What is Finance? – Characteristics, Types, and More
What is Finance?
Finance corresponds to a financial area that studies the obtaining and administration of money, capital, and financial resources. It looks at both the obtain of these resources (financing) and the investment and saving thereof.
Financial studies are concerned with money management due to the type of decisions. It is different economic agents (the State, companies or individuals). It can take to manage their resources better, betting on their multiplication and fulfilling the corresponding objective.
These branches, in turn, are hook on a miscellaneous set of areas of application of financial knowledge.
Characteristics of Finance
Finance is characterized by the following:
- They manage money and capital goods: banking and savings, investments ( bonds, stocks, etc.), loans, etc.
- As an area of knowledge, finance is found between economics, administration, and accounting.
- They manage vital concepts such as risk, benefit, interest rate, investment costs, etc. In which describe the functioning of the world of money.
- They allow the improvement of money management for both public and private entities, individuals or families, and large corporations.
- They rely on other auxiliary disciplines, such as economics, accounting, statistics and mathematics.
Types of Finance
Finance can be classified into two major branches: public finance and private finance, It which in turn has an indispensable set of sub-branches or special.
They seek the optimization of resource management in the case of private or individual entities: SMEs, large corporations, families or individuals. They cover the following areas.
Those that have to do with personal money management: income this entails, and make joint plans for the future.
That they have to do with the management of the assets of private companies or organizations, that is, their financing decisions, their investment methods and their managerial decisions.
Public of Finance
They involve the State or the companies that the State administers and therefore are managed in unlike circumstances. They cover the area.
Fiscal policy: How a condition collects and administers the taxes it obtains from its citizens.
Public spending: That has to do with how the state invests the money it administers and in what way much money it injects back into society in the form of jobs, purchases, etc.
And Public debt: Suppose a state cannot cover its expenses and goes into debt with private sectors to keep the state apparatus running.
Public budget: It does with the projections of future expenses that a State makes, considering. Its financial, fixed costs, decision-making regarding how to spend money furthermore so on.

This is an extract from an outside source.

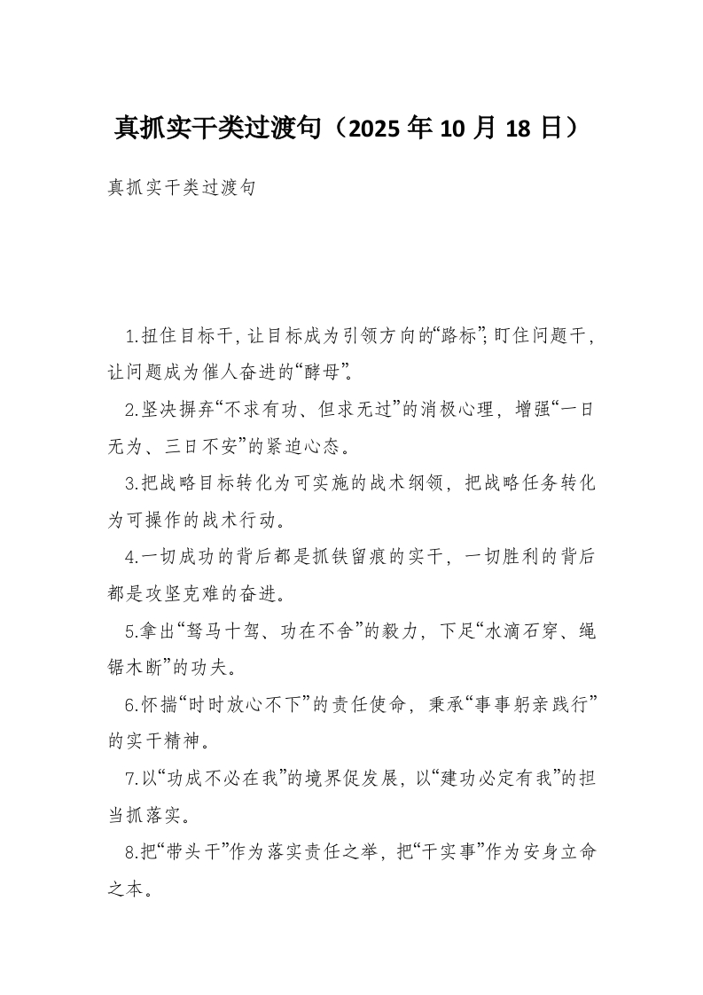 首页每日金句真抓实干类过渡句(2025年10月18日)

Family money: Spoken as the sum of the finances of the individuals who share a home and who jointly face the expenses at that moment.
Importance of Finance
Given the fundamental principle of any economy, which is that the resources available in the world are finite, while the needs that we must cover with them are infinite. It put another way: that money is not plenty to do or have everything, the importance of a field of such as business understandable.

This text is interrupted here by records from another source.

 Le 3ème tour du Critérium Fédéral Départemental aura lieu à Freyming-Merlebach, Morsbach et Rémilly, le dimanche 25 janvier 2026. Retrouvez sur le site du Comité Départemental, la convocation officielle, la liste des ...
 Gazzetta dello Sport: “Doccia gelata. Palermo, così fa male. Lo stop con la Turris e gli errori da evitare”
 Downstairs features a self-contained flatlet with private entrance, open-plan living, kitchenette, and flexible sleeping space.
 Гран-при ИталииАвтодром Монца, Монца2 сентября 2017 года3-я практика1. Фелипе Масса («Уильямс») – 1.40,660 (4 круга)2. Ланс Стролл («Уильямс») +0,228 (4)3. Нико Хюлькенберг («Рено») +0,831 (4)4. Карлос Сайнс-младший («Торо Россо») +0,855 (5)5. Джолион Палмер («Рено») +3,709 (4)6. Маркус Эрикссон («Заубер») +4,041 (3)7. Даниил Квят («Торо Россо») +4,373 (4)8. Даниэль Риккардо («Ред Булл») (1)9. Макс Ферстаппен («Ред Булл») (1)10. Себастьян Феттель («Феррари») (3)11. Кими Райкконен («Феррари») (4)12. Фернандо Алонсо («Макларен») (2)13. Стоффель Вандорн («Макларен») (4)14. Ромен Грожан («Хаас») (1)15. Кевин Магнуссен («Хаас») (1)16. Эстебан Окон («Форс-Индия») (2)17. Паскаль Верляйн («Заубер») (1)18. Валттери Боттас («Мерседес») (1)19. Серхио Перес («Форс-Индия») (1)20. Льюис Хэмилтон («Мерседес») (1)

Finance allows persons and organizations to play the game of capitalism in the best possible way. It attain the necessary resources at the right time, and keep the economic machinery running.
Waste, lousy investment, administrative clutter, and a poor decision can lead a productive and valuable initiative to its downfall. Therefore, add organization is impressive that no one today can afford to ignore.

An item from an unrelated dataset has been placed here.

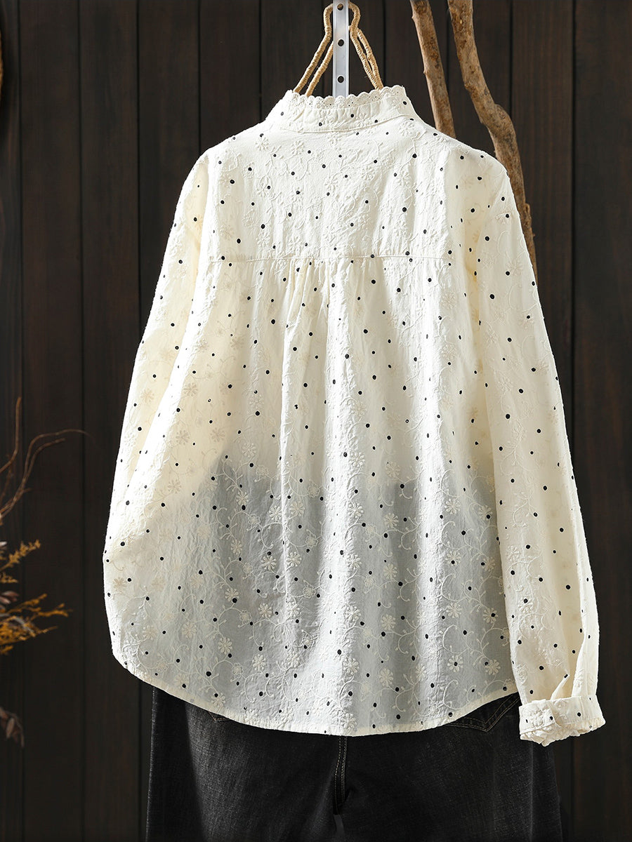 Women Artsy Spring Dot Embroidery 100%Cotton Stand Collar Blouse

However, economics has a much broader centers : it studies how production methods can satisfy human needs. Finance, seen in this way, focuses solely on what is related to money, and especially financial resources.
To study finances, several tools manage and analyze financial resources and their use. Here are some examples of these resources.
Accounting of Finance
Accounting can manage any collection: corporate finance, personal finance, public finance, and international finance. It is a financial resource used to manage the expenses and income of a company. It is a key tool to know what situation a company is in and, with this documentation, to find the necessary strategies to improve its economic performance.
Over time, financial institutions and their crop evolves and efficient. New intermediaries additional than traditional banks have appeared (such as portfolio management companies, collective investment institutions, etc.) and new financial products that offer many options to customers.
As for its hypothetical development, it was not until the 20th century that finance became an area of study in its own right. Its source can be founds in the works of Irving Fisher in 1897, where he refers to finance as a new discipline.
Its field of study has perfect over time, with the development of theories that try to explain. The optimal determination of the price of assets, expect profitability, decisions in uncertainty over time, financial institutions . It their products have evolved and efficient. New intermediaries other than traditional banks have appeared (such as range management companies, collective investment institutions, etc.) and new financial products that offer many options to customers.